Exploring and Cleaning the Operational Data
Before building the warehouse, you must explore the source database. Use SQL queries to understand data quality. For example:
-- Check for NULLs in key columns
SELECT COUNT(*) FROM MStay.REVIEW WHERE REVIEW_ID IS NULL;
-- Find duplicate bookings
SELECT BOOKING_ID, COUNT(*) FROM MStay.BOOKING GROUP BY BOOKING_ID HAVING COUNT(*) > 1;Common cleaning strategies include removing duplicates, handling missing values (e.g., setting default values or deleting rows), and standardizing formats. For instance, if Listing_Min_Nights is negative, you might set it to 1.
Designing the Star Schema
The star schema centers on a fact table linked to dimension tables. For M-Stay, we create a FactBooking table with measures like Booking_Cost, Booking_Duration, and counts. Dimensions include:
- DimListing: Listing_Title, Listing_Price, Listing_Min_Nights, Listing_Max_Nights, Prop_ID, Type_ID, Host_ID
- DimGuest: Guest_ID, Guest_Name
- DimHost: Host_ID, Host_Name, Host_Location
- DimProperty: Prop_ID, Prop_Description, Prop_Num_Beds, etc.
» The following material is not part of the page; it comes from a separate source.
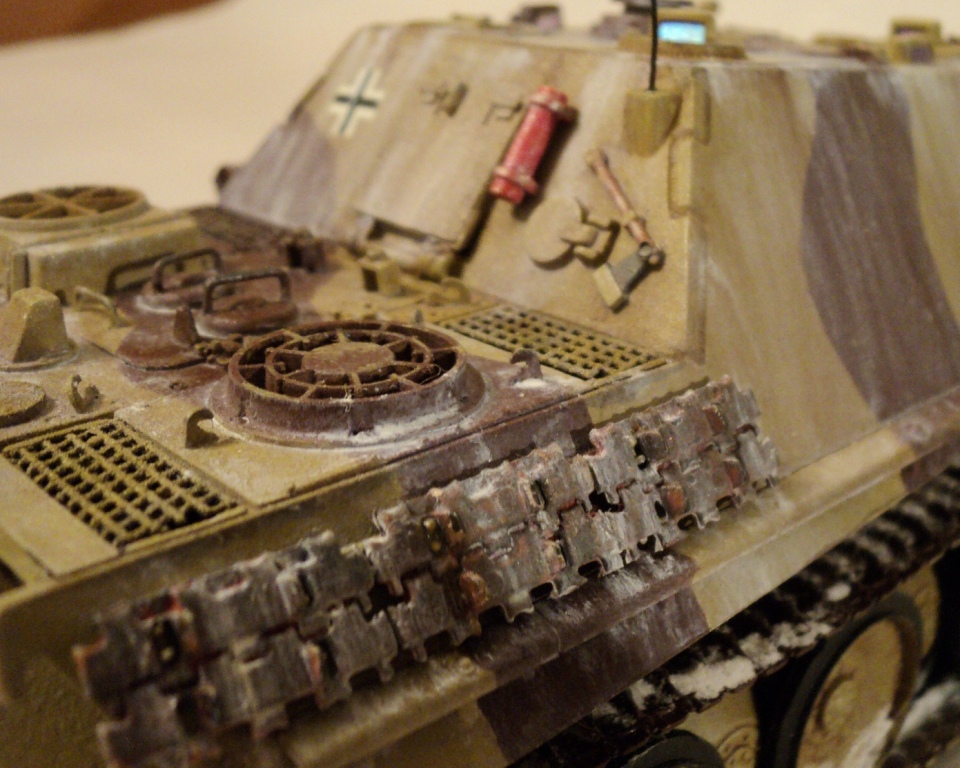 с зимой думаю, лучше смыть, вместо нее запудрите пылью, или густой грязи (весенней распутицы) на траки добавьте, но главное перефоткайте, а то заклюют (сфоткать - задачка еще та - сфоткать так, чтобы модель вышла как минимум не хуже чем она есть

- DimDate: Date, Month, Year, Season
- DimChannel: Channel_ID, Channel_Name
- DimListingType: Type_ID, Type_Description
Derived attributes like listing season (Spring: 9-11, Summer: 12-2, Autumn: 3-5, Winter: 6-8) and booking duration category (short-term: <30, medium: 30-90, long-term: >90 nights) are added to dimensions.
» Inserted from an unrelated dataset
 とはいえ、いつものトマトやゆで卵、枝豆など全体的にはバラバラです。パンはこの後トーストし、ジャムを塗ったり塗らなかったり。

Answering Business Questions
With the star schema, you can answer queries like:
- How many long-term stay listings are on Facebook? (Join DimListing, DimChannel, and FactBooking)
- How many summer listings for 'Entire home/apt' in medium price range? (Use DimDate, DimListingType)
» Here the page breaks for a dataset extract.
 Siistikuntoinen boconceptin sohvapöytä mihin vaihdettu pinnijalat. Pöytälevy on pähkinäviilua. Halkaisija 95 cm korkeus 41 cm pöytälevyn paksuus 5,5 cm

- How many bookings for 'Private rooms' with short-term stay in 2015? (Filter by DimDate, DimListingType, and duration)
Implementing the Schema in SQL
Create dimension tables first, then the fact table. Example for DimDate:
CREATE TABLE DimDate (
DateKey DATE PRIMARY KEY,
Month NUMBER,
Year NUMBER,
Season VARCHAR2(10)
);Populate it with calendar data. Then create fact table:
CREATE TABLE FactBooking (
Booking_ID NUMBER PRIMARY KEY,
Listing_ID NUMBER REFERENCES DimListing(Listing_ID),
Guest_ID NUMBER REFERENCES DimGuest(Guest_ID),
Booking_Date DATE REFERENCES DimDate(DateKey),
Booking_Cost NUMBER,
Booking_Duration NUMBER,
Num_Guests NUMBER
);After creation, insert transformed data from the operational database.
Increasing Granularity (Design Task B)
To drill down, you can add more detailed dimensions or measures. Suggestions include:
- Add a DimTime table with hour/minute to analyze booking times.
- Include DimAmenity to see which amenities affect bookings.
- Add DimReview with individual review ratings.
- Break down booking cost into base cost and extra fees.
These additions allow deeper analysis, such as peak booking hours or the impact of specific amenities on ratings.
Conclusion
Building a data warehouse for M-Stay transforms raw transactional data into a powerful BI tool. By following this tutorial, you've learned to clean data, design a star schema, implement it in SQL, and suggest granularity improvements. This skillset is highly relevant in industries like e-commerce, finance, and even gaming, where player behavior analysis uses similar star schemas. Start applying these concepts to your own projects!